Activity » Please repeat the lines below, exactly and only, from the one that holds "ABOVE PHOTO: Ongoing" through the one that holds "Rain played havoc".

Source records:
◆ ◆ ◆ ◆ ◆ ◆ ◆
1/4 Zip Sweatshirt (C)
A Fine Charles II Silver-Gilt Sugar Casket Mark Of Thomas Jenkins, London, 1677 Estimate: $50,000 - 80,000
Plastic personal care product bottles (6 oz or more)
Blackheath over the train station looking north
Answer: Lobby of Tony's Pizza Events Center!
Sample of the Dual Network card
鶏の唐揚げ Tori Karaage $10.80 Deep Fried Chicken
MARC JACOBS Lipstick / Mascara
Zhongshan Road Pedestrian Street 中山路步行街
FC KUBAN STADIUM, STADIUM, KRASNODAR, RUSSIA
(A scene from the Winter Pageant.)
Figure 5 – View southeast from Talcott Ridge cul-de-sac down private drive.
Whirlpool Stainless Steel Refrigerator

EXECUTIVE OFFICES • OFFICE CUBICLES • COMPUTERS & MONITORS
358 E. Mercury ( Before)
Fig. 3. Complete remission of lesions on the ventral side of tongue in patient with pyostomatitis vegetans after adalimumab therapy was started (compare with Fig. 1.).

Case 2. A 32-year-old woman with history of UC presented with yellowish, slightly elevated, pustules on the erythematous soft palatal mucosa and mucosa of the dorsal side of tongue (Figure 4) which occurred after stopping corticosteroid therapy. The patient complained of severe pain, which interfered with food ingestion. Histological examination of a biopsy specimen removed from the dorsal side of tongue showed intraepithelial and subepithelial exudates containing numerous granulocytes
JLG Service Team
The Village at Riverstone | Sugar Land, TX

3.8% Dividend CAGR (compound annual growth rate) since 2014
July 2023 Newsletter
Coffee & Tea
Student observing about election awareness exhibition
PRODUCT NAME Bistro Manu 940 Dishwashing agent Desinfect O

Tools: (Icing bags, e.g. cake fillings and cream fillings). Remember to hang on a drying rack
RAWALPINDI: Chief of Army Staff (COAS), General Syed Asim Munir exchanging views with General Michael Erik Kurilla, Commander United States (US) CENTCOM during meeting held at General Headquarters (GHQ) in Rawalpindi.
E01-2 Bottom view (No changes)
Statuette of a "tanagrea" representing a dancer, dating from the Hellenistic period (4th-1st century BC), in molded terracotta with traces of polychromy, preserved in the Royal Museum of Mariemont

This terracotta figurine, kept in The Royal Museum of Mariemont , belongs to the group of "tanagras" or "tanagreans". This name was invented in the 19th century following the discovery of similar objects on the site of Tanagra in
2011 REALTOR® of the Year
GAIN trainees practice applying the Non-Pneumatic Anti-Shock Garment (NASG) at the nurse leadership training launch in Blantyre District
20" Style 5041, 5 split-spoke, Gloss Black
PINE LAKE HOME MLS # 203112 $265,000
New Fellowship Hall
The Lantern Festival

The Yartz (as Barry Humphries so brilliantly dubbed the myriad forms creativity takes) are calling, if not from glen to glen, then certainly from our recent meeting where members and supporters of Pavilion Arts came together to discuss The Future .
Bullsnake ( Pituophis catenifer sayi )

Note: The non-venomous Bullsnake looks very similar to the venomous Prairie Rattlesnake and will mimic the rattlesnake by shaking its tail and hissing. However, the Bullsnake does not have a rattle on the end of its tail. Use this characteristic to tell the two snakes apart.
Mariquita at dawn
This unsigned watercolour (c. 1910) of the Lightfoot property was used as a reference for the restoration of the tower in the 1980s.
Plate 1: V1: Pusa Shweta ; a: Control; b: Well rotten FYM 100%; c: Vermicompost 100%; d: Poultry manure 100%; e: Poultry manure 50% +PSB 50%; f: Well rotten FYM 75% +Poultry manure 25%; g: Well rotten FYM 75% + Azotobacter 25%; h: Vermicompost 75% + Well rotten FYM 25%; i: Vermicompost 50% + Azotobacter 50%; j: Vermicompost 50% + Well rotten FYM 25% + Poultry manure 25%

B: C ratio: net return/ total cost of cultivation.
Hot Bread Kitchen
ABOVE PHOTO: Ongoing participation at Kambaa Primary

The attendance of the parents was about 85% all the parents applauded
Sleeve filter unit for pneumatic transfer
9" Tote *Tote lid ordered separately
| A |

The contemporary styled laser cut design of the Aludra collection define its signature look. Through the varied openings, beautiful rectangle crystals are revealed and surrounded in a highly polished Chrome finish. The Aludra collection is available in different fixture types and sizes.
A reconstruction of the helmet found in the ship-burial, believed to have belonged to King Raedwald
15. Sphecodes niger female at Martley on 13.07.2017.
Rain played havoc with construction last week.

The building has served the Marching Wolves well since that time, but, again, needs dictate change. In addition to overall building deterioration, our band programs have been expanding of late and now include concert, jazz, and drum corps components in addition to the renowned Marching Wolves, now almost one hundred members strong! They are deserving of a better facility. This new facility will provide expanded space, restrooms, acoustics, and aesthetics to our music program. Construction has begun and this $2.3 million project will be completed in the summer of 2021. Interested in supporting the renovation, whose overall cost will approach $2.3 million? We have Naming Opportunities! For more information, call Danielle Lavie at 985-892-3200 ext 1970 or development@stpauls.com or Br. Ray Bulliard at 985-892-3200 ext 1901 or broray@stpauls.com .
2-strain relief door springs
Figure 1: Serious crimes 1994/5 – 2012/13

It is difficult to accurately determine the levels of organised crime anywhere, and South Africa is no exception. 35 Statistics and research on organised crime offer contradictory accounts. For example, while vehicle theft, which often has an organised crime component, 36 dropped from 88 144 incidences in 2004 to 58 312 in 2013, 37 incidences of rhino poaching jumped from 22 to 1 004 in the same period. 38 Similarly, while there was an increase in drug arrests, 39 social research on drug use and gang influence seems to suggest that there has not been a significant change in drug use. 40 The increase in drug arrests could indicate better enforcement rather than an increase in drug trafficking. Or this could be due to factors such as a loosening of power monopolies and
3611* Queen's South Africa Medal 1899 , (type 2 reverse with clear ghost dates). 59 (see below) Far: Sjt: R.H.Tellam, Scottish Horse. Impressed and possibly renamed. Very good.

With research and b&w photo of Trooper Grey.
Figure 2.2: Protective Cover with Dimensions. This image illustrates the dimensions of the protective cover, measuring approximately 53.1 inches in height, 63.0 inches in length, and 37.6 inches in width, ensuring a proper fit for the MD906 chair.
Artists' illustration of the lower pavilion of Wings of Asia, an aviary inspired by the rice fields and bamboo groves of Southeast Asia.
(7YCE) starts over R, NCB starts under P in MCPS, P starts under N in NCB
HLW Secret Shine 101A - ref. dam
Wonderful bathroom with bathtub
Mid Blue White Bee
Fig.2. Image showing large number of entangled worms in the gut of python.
◆ ◆ ◆ ◆ ◆ ◆ ◆
Output for this exercise »
ABOVE PHOTO: Ongoing participation at Kambaa Primary

The attendance of the parents was about 85% all the parents applauded
Sleeve filter unit for pneumatic transfer
9" Tote *Tote lid ordered separately
| A |

The contemporary styled laser cut design of the Aludra collection define its signature look. Through the varied openings, beautiful rectangle crystals are revealed and surrounded in a highly polished Chrome finish. The Aludra collection is available in different fixture types and sizes.
A reconstruction of the helmet found in the ship-burial, believed to have belonged to King Raedwald
15. Sphecodes niger female at Martley on 13.07.2017.
Rain played havoc with construction last week.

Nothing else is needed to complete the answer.